> **Task inputs**:
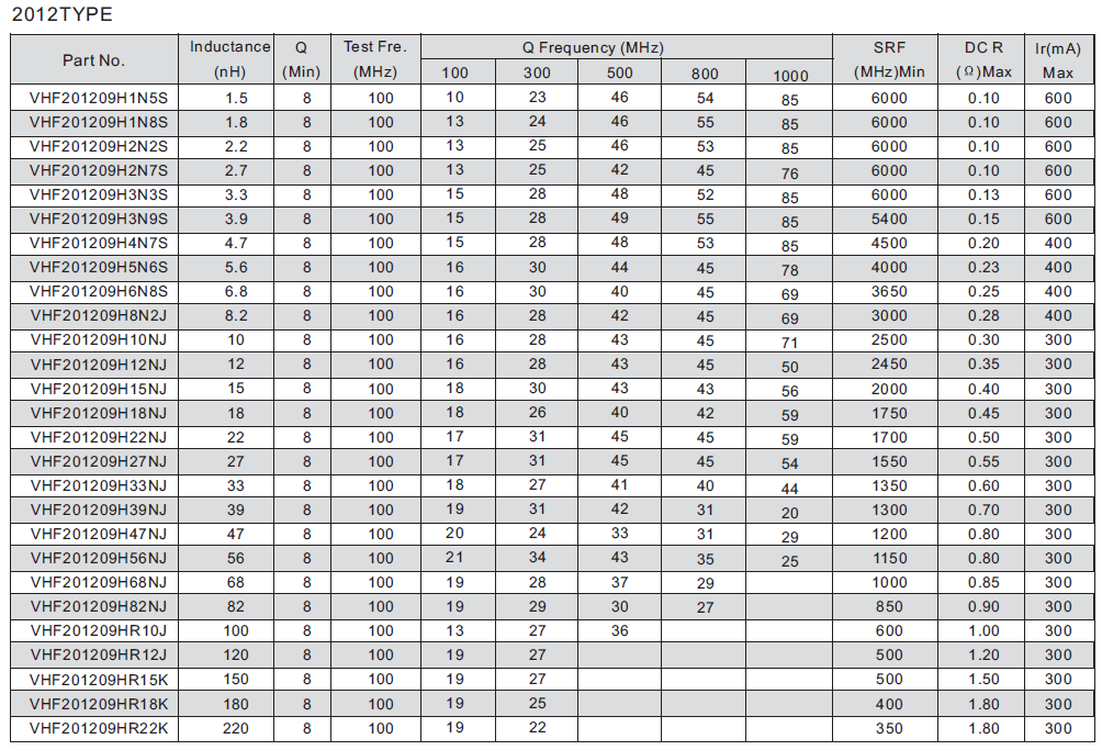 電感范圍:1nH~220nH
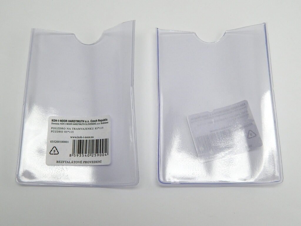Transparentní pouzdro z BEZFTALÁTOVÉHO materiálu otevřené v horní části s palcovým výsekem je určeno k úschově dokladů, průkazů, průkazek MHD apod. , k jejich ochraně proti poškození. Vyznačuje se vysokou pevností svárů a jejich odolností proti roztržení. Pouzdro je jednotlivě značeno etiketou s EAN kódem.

---

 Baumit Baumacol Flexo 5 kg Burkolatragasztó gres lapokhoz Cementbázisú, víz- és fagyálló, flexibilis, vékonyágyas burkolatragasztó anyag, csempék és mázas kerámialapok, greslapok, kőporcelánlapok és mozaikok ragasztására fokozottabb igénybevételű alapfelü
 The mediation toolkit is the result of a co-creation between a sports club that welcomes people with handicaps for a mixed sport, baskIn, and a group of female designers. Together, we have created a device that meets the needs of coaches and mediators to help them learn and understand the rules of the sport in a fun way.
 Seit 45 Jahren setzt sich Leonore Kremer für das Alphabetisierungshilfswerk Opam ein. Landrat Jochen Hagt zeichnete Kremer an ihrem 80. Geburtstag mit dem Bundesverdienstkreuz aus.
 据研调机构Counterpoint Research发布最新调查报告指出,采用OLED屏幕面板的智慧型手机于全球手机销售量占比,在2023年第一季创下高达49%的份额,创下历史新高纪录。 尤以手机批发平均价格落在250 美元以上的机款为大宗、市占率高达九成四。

> **Task instructions**: The lines to copy exactly start with the line above that has "電感范圍:1nH~220nH" and go on through the line that has "Transparentní pouzdro z"; please include both, add nothing else, and omit the pictures.

> **Answer space**:
 電感范圍:1nH~220nH
Transparentní pouzdro z BEZFTALÁTOVÉHO materiálu otevřené v horní části s palcovým výsekem je určeno k úschově dokladů, průkazů, průkazek MHD apod. , k jejich ochraně proti poškození. Vyznačuje se vysokou pevností svárů a jejich odolností proti roztržení. Pouzdro je jednotlivě značeno etiketou s EAN kódem.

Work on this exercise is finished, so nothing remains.